Autre pays, mêmes problèmes
Un point d’achoppement majeur demeure : la rémunération à l’embarquement. Delta est devenue la première compagnie américaine à l’offrir en 2022 — suivie par American et Alaska — mais beaucoup d’agents ne sont toujours pas payés pour ce qu’ils considèrent comme la partie la plus chargée de leur quart de travail.

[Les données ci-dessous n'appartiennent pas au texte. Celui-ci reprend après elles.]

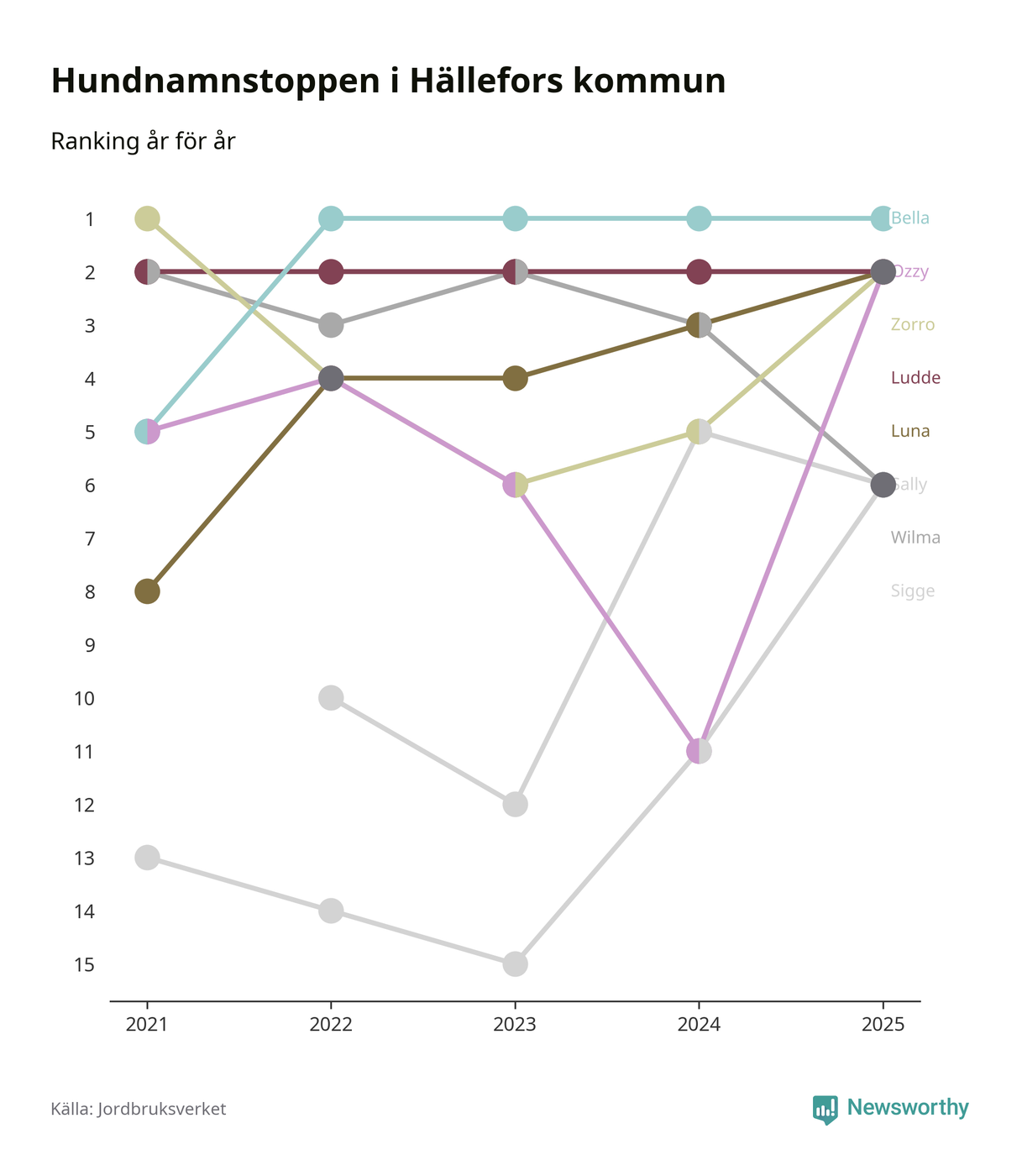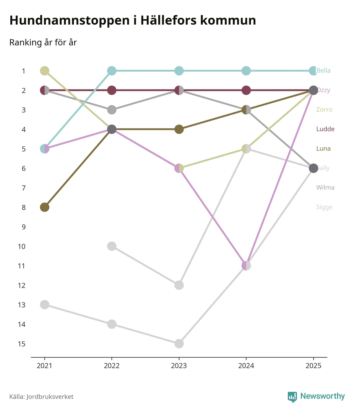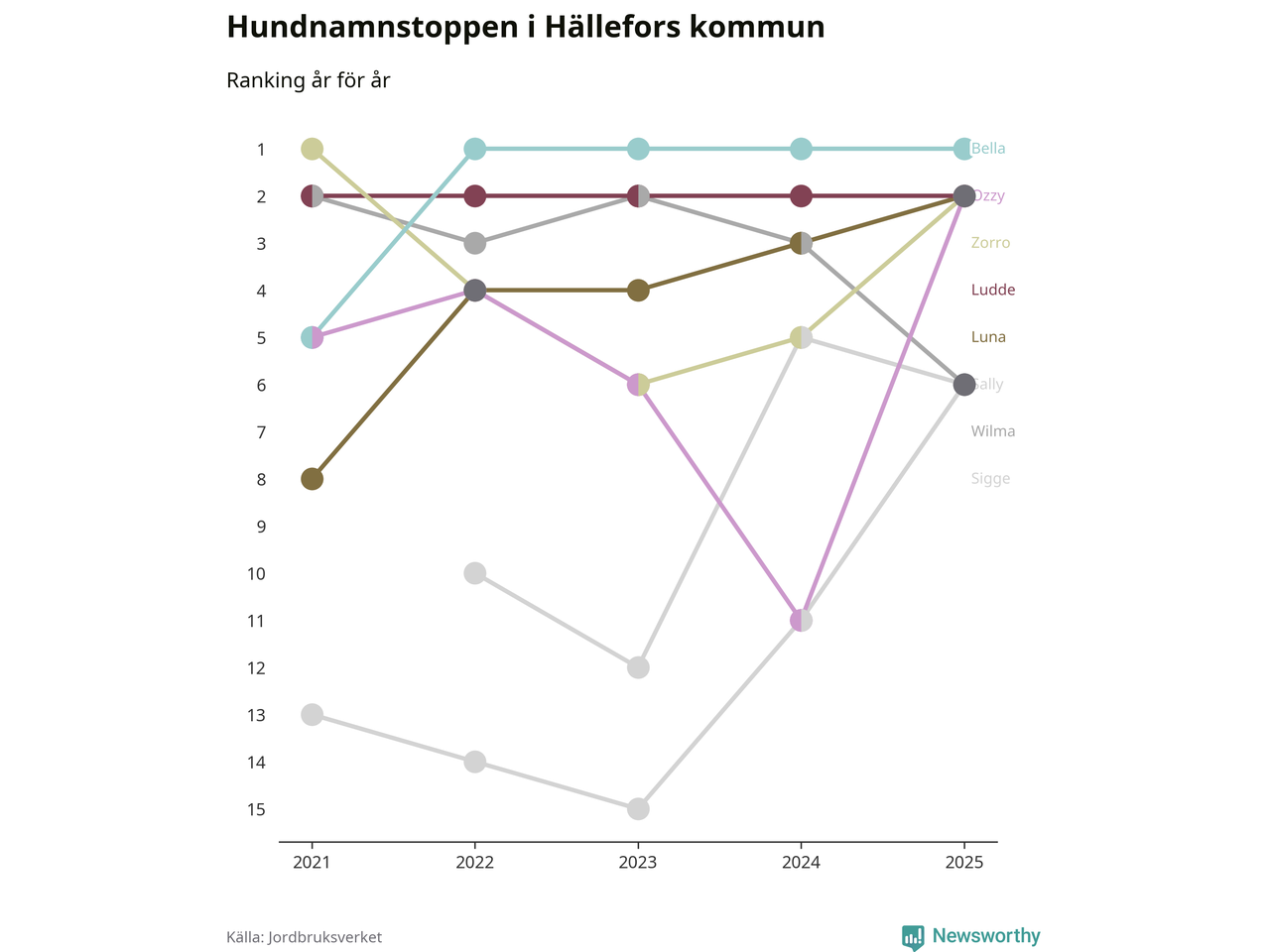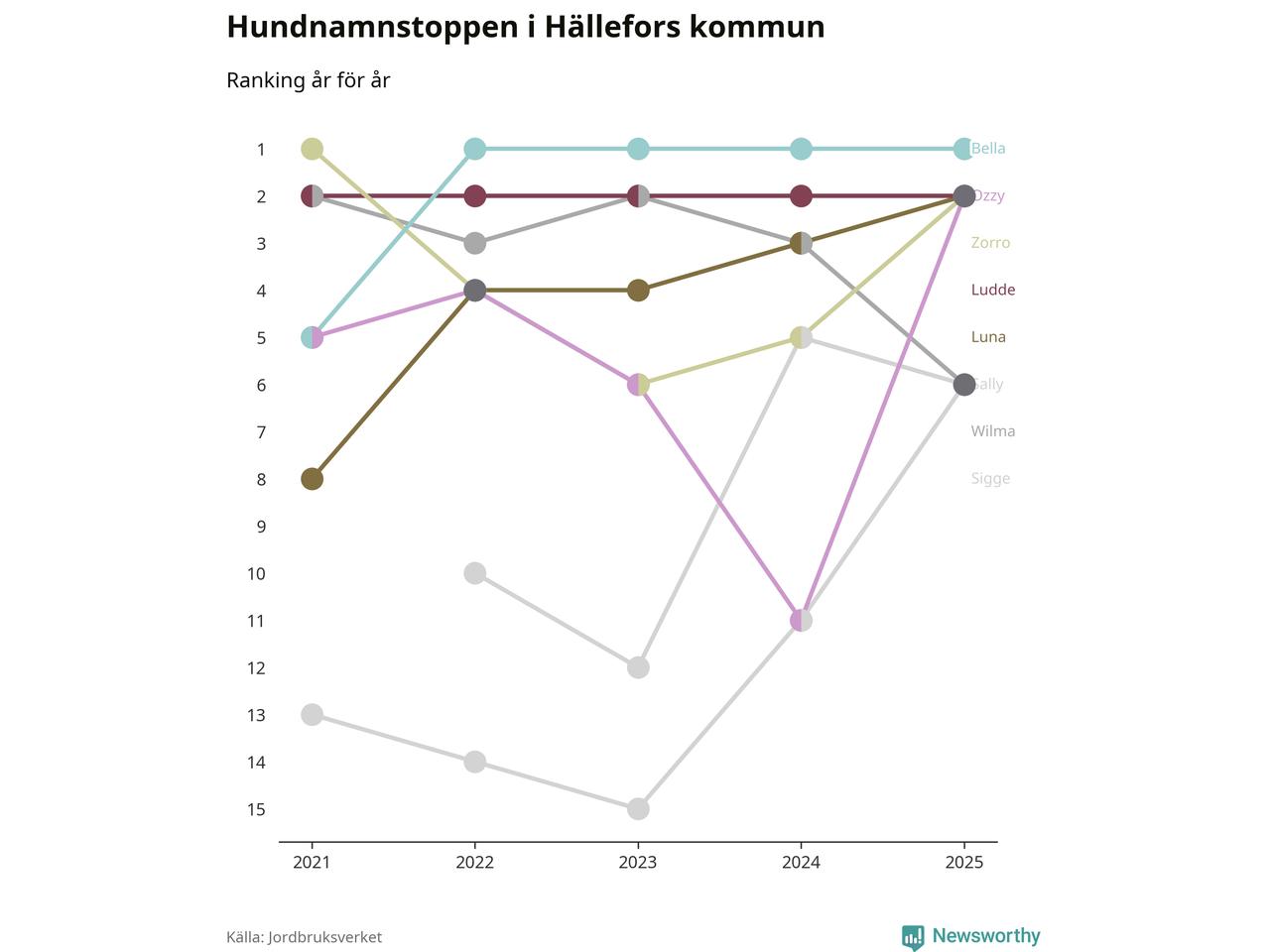 I hela landet är Molly det ohotat populäraste tilltalsnamnet för hundar sedan flera år, följt av Bella och Charlie. Något av de tre namnen toppar listan i 243 av 290 kommuner, och de har varit de vanligaste namnen sedan åtminstone 2018. Men det fjärde populäraste namnet, Doris, knappade in på ledartrion och kommer snart kunna utmana Charlie om tredjeplatsen, om trenden håller i sig.

De retour à Virginia Beach, Nathan Miller essaie toujours de s’en sortir. Pour être à l’heure à l’aéroport de Philadelphie, il se lève vers 4 h du matin. Une fois son vol de correspondance atterri, il peut s’écouler encore des heures avant qu’il ne soit officiellement en service et rémunéré. Sa journée de travail se termine parfois à 2 h du matin le lendemain.
Selon l’heure à laquelle il revient à Philadelphie, il passe parfois la nuit dans ce qu’on appelle un « crash pad », un logement partagé par des équipages qui font la navette vers leur base. L’agent de bord explique que le sien est un appartement de deux chambres avec 10 lits.
Lors des voyages familiaux de son enfance, Nathan Miller était fasciné par les agents de bord et leur capacité à mettre les passagers à l’aise et en sécurité. Aujourd’hui, il a réalisé son rêve, mais il n’est pas sûr de pouvoir se permettre de continuer.